Stability: The paper shows that with positive coefficients, order two IIR filters are stable, ensuring that the impulse response decays over time, a property identified as crucial for long-range modeling.
Expressiveness: The analysis demonstrates that diagonal State Space Models (SSMs) or diagonal linear RNNs, which have shown strong performance on long sequences, can be seen as constrained versions of order 1 or 2 IIR filters. This provides a theoretical link and suggests the potential expressiveness of IIR filters.
Time Complexity: The Focus layer achieves sub-quadratic time complexity $O(DL \cdot (\log(L) + M))$ , where $M$ is the chunk size for local attention. This is dominated by the global convolution in the hypernetwork ( $O(L \log L \cdot D)$ ) and the local attention ( $O(CM^2D)$ which becomes $O(LMD)$ since $C=L/M$ ). If $M$ is small, this is close to linear in $L$ .
Efficiency and Performance: Experiments demonstrate that Focus performs on par with or better than state-of-the-art models like Hyena, MEGA, and GPT2 on long-range associative recall, LLMing (enwiki8, Text8), and 1D image classification (sMNIST, pMNIST).

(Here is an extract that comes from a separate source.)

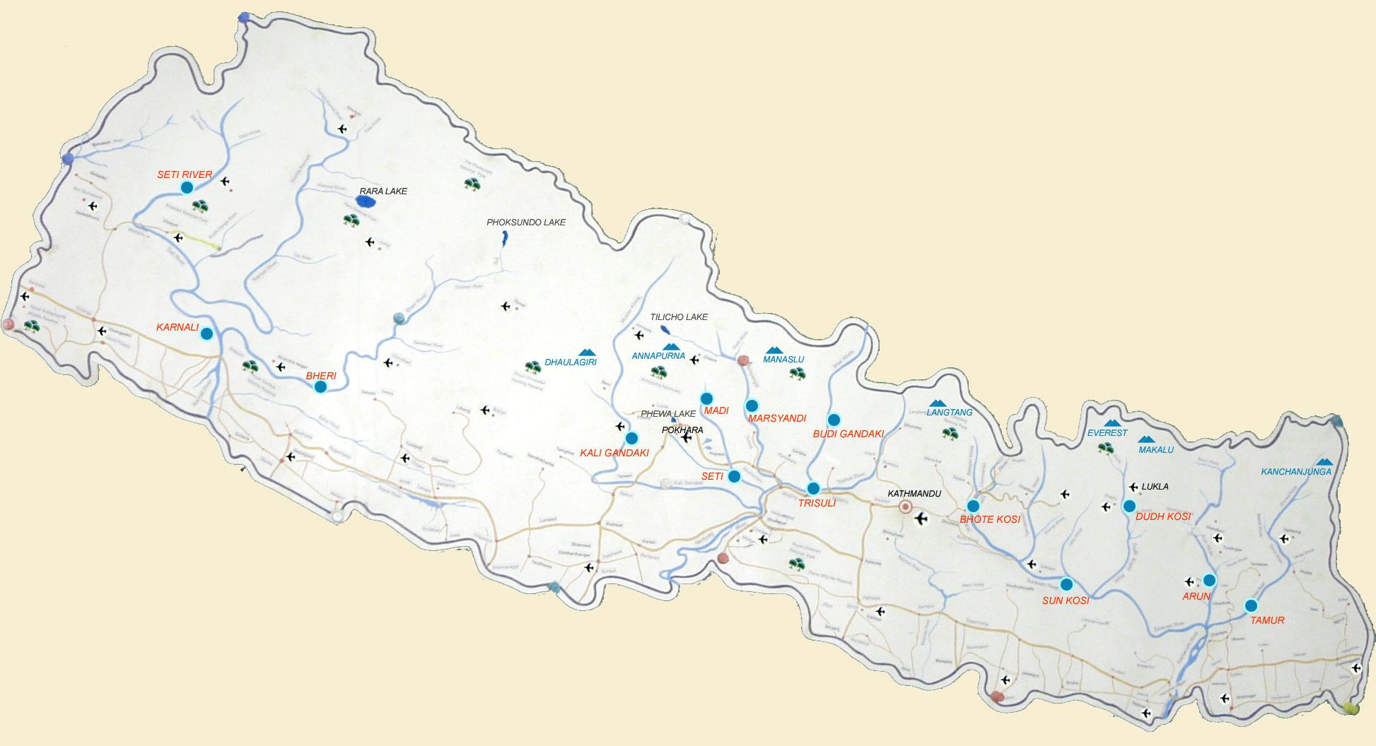Map of nepal showing rivers. Nepal river map (Southern Asia - Asia) to print. Nepal river map (Southern Asia - Asia) to download.

Crucially, it achieves this with significantly fewer parameters than models like GPT2 and outperforms ablations without the adaptive hypernetwork ("Focus-H"), highlighting the value of dynamic filtering. It also shows lower peak memory usage compared to baselines.

Limitations:

The paper focuses on integrating IIR filters into a hybrid architecture and does not explore models based solely on IIR filters.
Different types of global convolutions within the hypernetwork were not extensively studied.
While the recurrent form of IIR filters can offer efficiency for auto-regressive inference, the presented implementation focuses on the convolutional form for training and does not detail the recurrent computation for inference speed-up.

In summary, Focus offers a practical and effective approach to building efficient long-sequence models by introducing a novel layer that employs data-dependent, stable IIR filters guided by a hypernetwork to process inputs before local attention. Its competitive performance and efficiency across various long-range tasks make it a promising alternative to existing architectures.